Good with People: Inn Trouble
Scots playwright David Harrower caught the attention of American audiences with Blackbird, a sly and agonizing two-character play that revealed a past liaison between an older man and a young girl. It was a tale of sexual abuse that played as a love story. Or was it the other way around? Harrower’s latest, Good with People, another piece about two lonely, mismatched souls, appears at 59E59 as part of Scotland Week. It, too, works to capture interpersonal ambiguities, though less successfully.
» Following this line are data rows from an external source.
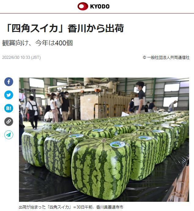 中新网6月30日电 据日本共同社报道,日本香川县善通寺市特产“方形西瓜”30日开始发货。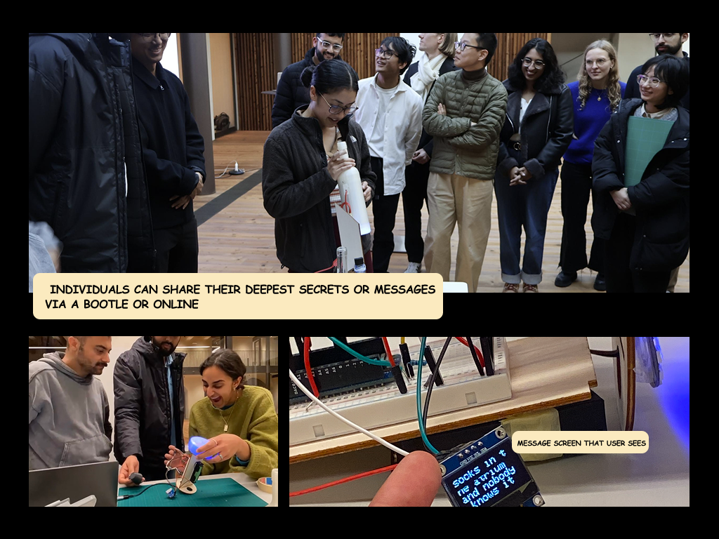 What: Messages in a Bottle is an art installation that reimagines the age-old tradition of maritime message-sharing, transforming anonymous storytelling into a captivating phy-digital experience. Individuals can share their deepest secrets or messages through an online platform, and these messages appear on an OLED screen inside a carefully crafted bottle. Everytime someone picks up the bottle, the message changes and a blue light appears as feedback for the viewer.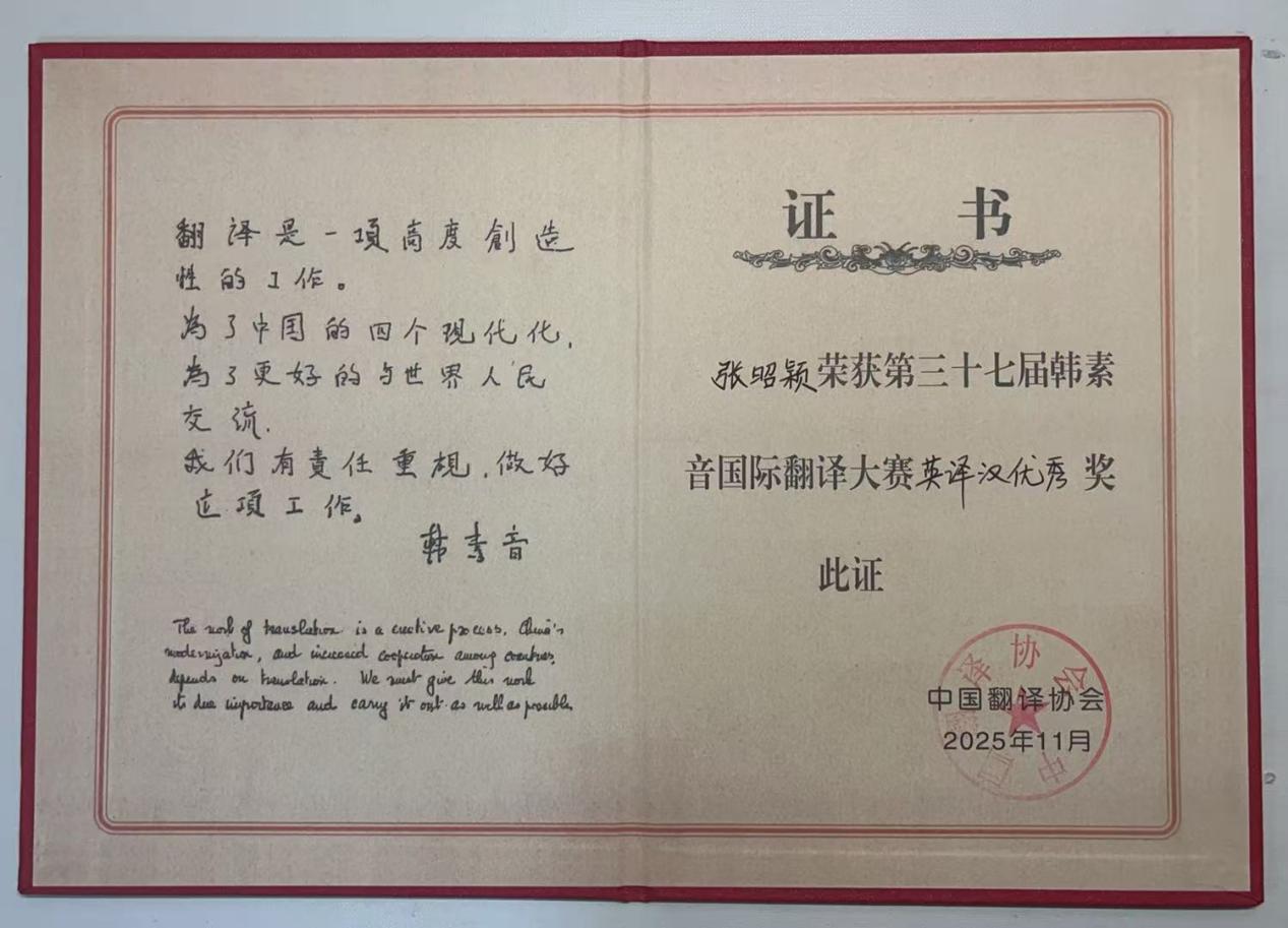 我院研究生张昭颖在第三十七届韩素音国际翻译大赛中荣获优秀奖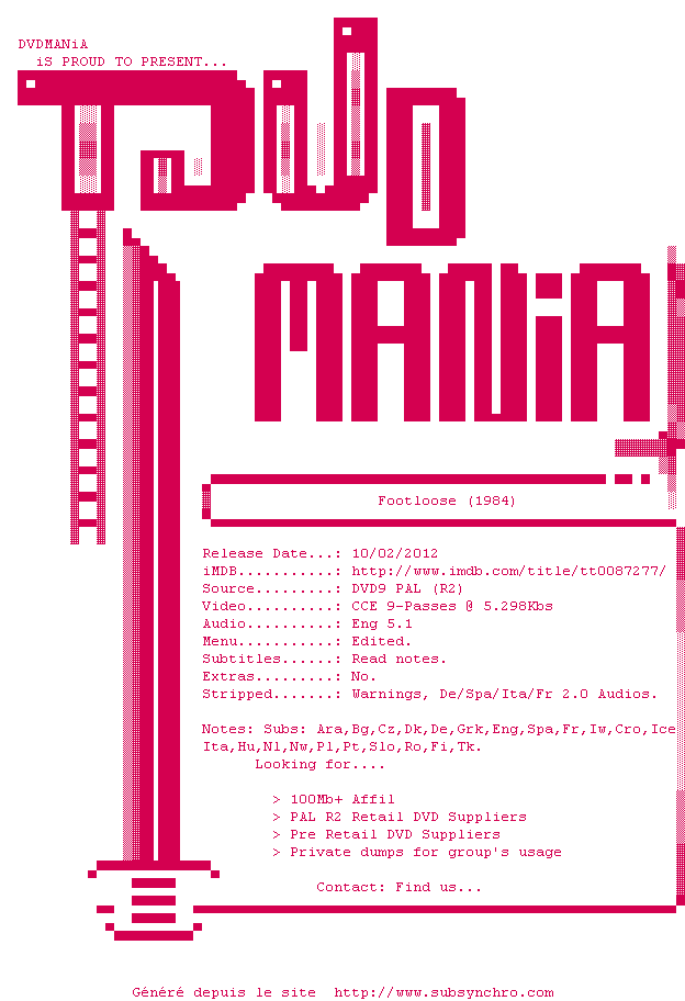 Voir le nfo de la release Footloose.1984.MULTiSUBS.PAL.DVDR-DVDMANiA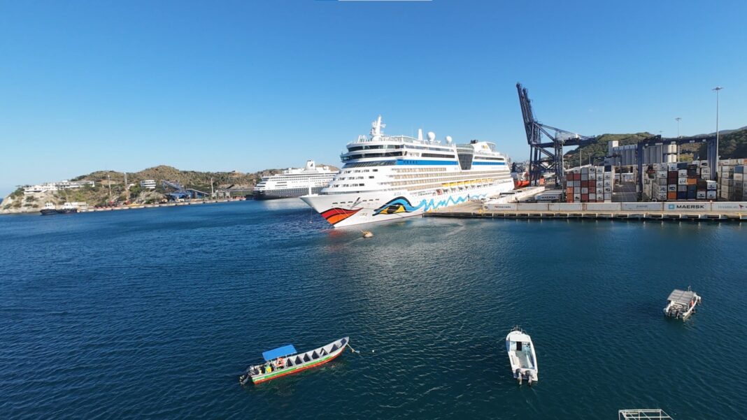Por su parte, el crucero Aida luna, procedente de Cartagena, el cual arribó con 2,076 pasajeros y 603 tripulantes, consolidando a Santa Marta como un punto clave en las rutas de las principales navieras internacionales.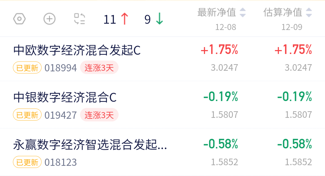 $中银数字经济混合C(OTCFUND|019427)$回调0.19%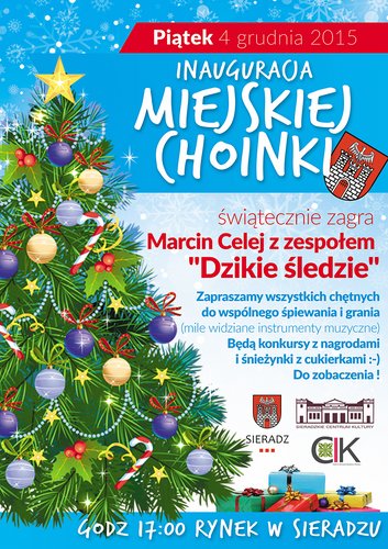 W piątek 4 grudnia o godz. 17.00 na Rynku w Sieradzu odbędzie się inauguracja Miejskiej Choinki! Świątecznie zagra Marcin Celej z zespołem "Dzikie śledzie". W programie konkursy z nagrodami i śnieżynki z cukierkami!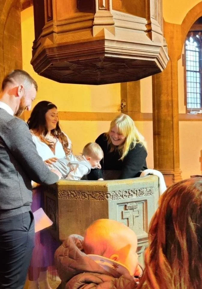 The font was donated by Mr Richard Pilkington in memory of his wife. The font canopy was donated by Mrs Lea, in memory of her husband’s forty years worth of work with children.

Mrs. Hughes (the excellent Blythe Duff) staffs a lonely hotel in a holiday town on which holidaymakers no longer descend. (This seaside spot has since become home to a naval base and a nuclear defense program.) When a new guest, Evan (Andrew Scott-Ramsay), arrives, she recognizes him as one of a group who once bullied her son. In the course of an evening there are recriminations and reconciliations, none of them too surprising.
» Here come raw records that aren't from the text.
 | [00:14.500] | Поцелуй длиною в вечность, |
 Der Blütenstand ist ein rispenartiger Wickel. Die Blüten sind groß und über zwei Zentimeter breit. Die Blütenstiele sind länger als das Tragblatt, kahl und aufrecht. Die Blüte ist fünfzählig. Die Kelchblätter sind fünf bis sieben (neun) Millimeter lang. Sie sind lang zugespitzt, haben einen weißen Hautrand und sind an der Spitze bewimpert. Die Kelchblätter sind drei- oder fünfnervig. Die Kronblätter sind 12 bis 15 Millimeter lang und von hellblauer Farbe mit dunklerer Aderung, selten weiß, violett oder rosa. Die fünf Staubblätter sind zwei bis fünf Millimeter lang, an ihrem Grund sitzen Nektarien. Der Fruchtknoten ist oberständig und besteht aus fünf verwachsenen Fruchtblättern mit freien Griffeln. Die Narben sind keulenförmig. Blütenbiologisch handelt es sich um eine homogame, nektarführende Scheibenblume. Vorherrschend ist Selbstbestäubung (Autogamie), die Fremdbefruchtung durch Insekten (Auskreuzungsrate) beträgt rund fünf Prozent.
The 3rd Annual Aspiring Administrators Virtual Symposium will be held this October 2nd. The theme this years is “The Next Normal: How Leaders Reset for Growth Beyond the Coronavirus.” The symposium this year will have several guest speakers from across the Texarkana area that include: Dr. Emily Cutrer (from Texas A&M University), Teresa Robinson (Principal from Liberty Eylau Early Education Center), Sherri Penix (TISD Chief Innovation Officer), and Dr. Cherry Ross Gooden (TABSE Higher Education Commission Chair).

Good with People is a slender and at times self-consciously poetic script. Director George Perrin takes a strenuous approach to it, larding every scene change with tenebrous light cues and lowering sounds, designed to articulate the play’s subtext. But as the script eventually discloses its secrets, that text was never particularly sub. These interventions make a short play longer, but also seemingly slighter and hollower. For a piece about a short stay, it very nearly wears out its welcome.